• [Supplied records]
--------------------
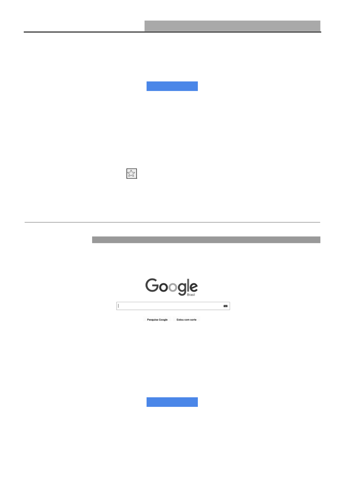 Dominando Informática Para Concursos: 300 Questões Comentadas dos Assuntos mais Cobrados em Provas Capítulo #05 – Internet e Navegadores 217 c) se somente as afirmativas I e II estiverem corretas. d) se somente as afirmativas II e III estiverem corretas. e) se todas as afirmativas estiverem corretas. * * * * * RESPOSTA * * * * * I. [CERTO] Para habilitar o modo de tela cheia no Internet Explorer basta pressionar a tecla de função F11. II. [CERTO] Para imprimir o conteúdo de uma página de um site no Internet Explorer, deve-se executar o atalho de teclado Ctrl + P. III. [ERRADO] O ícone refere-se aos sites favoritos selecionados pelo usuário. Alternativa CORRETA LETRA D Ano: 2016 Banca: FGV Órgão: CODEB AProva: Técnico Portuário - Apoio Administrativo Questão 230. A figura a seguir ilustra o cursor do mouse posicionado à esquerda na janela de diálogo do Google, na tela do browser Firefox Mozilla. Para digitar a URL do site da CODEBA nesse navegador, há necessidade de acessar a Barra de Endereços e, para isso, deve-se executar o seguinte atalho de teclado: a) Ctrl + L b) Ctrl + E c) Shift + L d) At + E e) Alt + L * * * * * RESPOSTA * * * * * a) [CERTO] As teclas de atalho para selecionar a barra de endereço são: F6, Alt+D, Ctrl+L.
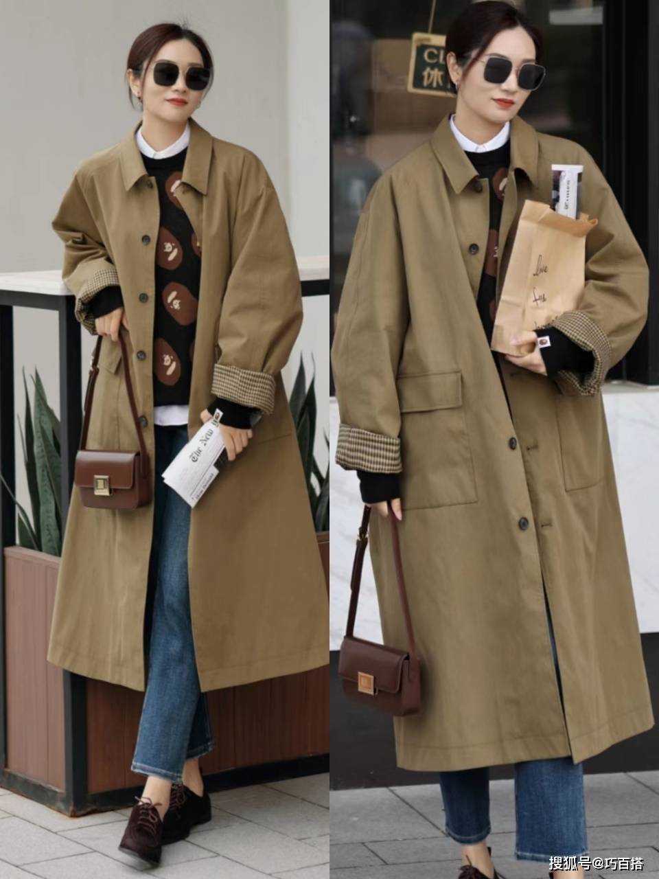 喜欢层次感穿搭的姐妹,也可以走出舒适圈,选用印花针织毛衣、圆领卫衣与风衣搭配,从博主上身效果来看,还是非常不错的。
--------------------
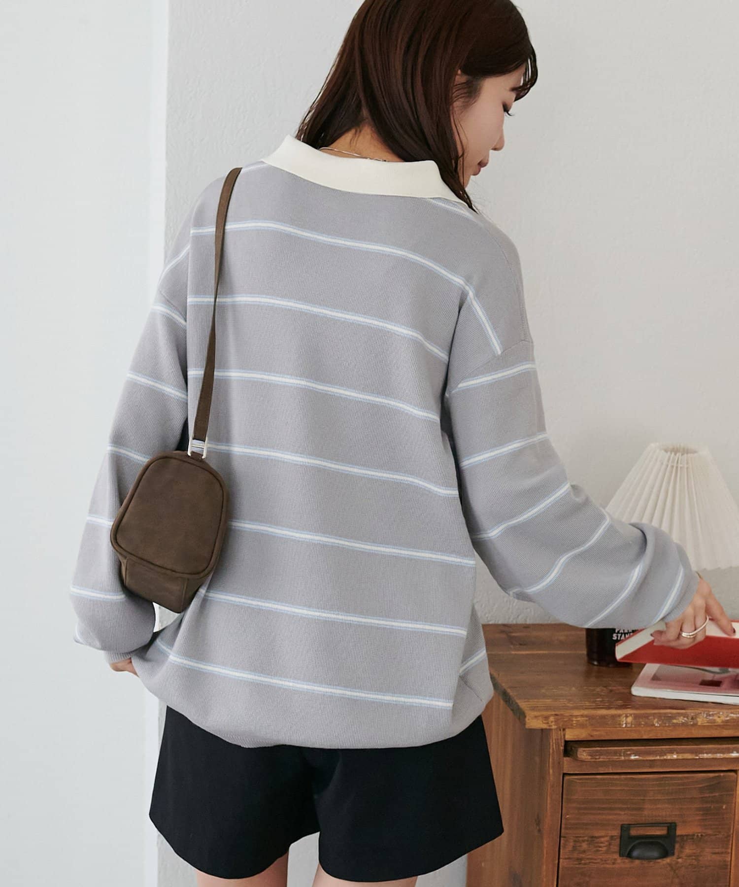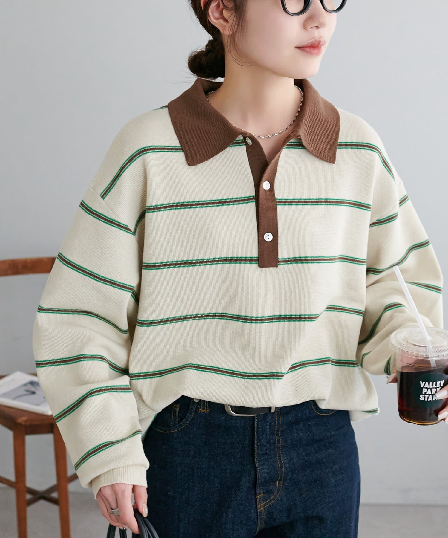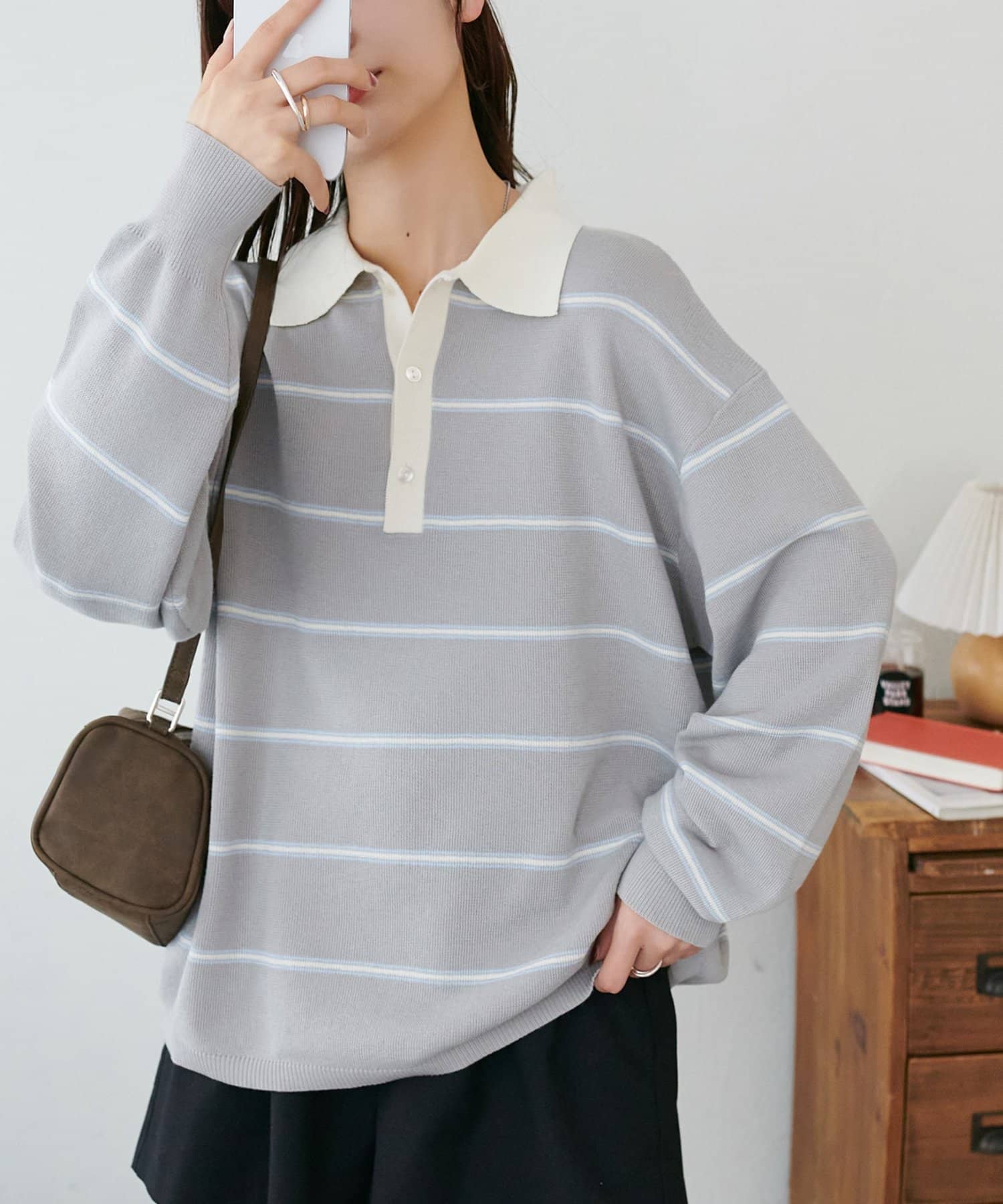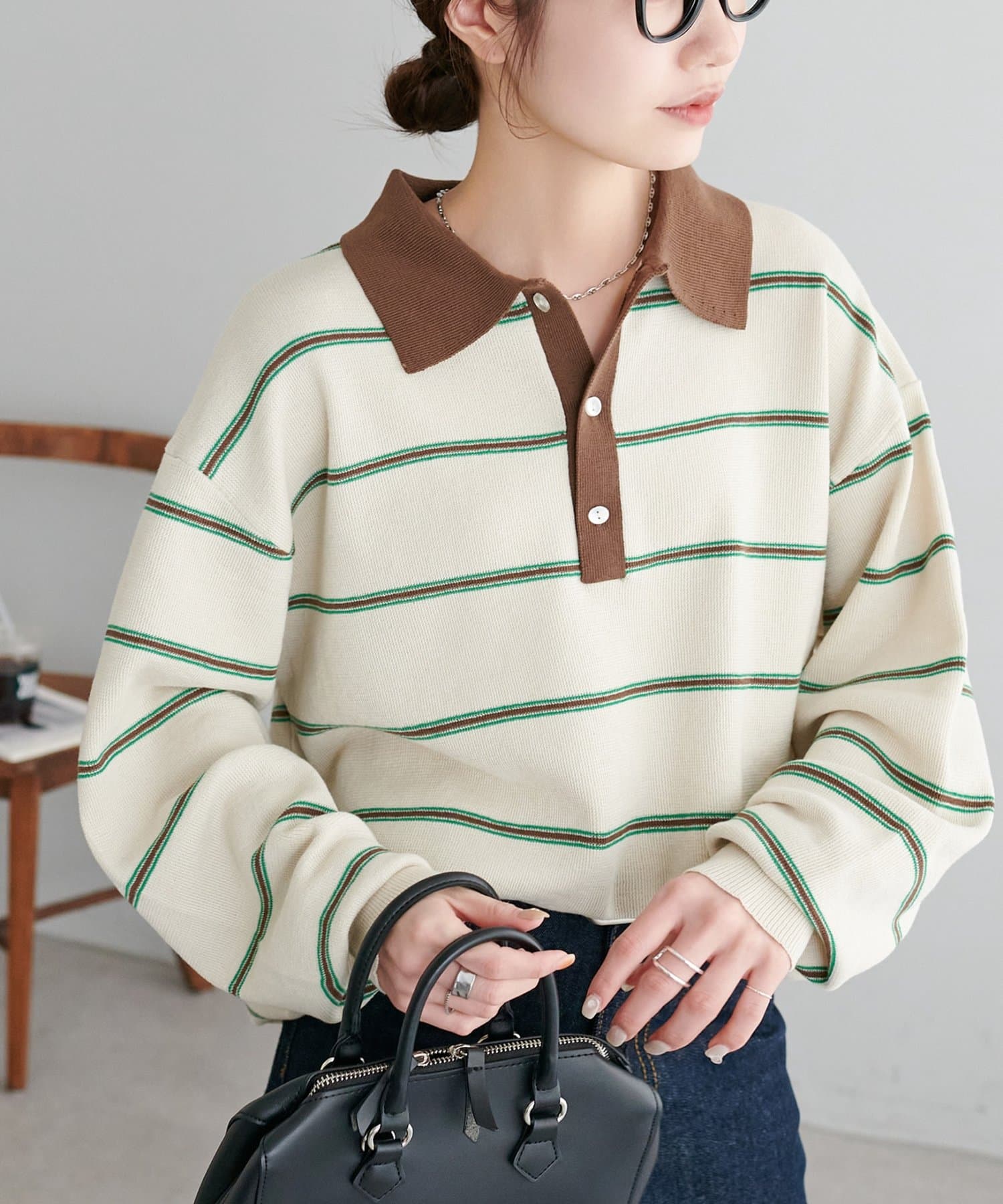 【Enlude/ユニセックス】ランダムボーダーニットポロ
--------------------
• [What to produce] Within the listing above, the lines starting at the one containing "Dominando Informática Para" and ending at the one containing "喜欢层次感穿搭的姐妹,也可以" are to be returned exactly. Omit the pictures.

• [Written solution]
 Dominando Informática Para Concursos: 300 Questões Comentadas dos Assuntos mais Cobrados em Provas Capítulo #05 – Internet e Navegadores 217 c) se somente as afirmativas I e II estiverem corretas. d) se somente as afirmativas II e III estiverem corretas. e) se todas as afirmativas estiverem corretas. * * * * * RESPOSTA * * * * * I. [CERTO] Para habilitar o modo de tela cheia no Internet Explorer basta pressionar a tecla de função F11. II. [CERTO] Para imprimir o conteúdo de uma página de um site no Internet Explorer, deve-se executar o atalho de teclado Ctrl + P. III. [ERRADO] O ícone refere-se aos sites favoritos selecionados pelo usuário. Alternativa CORRETA LETRA D Ano: 2016 Banca: FGV Órgão: CODEB AProva: Técnico Portuário - Apoio Administrativo Questão 230. A figura a seguir ilustra o cursor do mouse posicionado à esquerda na janela de diálogo do Google, na tela do browser Firefox Mozilla. Para digitar a URL do site da CODEBA nesse navegador, há necessidade de acessar a Barra de Endereços e, para isso, deve-se executar o seguinte atalho de teclado: a) Ctrl + L b) Ctrl + E c) Shift + L d) At + E e) Alt + L * * * * * RESPOSTA * * * * * a) [CERTO] As teclas de atalho para selecionar a barra de endereço são: F6, Alt+D, Ctrl+L.
 喜欢层次感穿搭的姐妹,也可以走出舒适圈,选用印花针织毛衣、圆领卫衣与风衣搭配,从博主上身效果来看,还是非常不错的。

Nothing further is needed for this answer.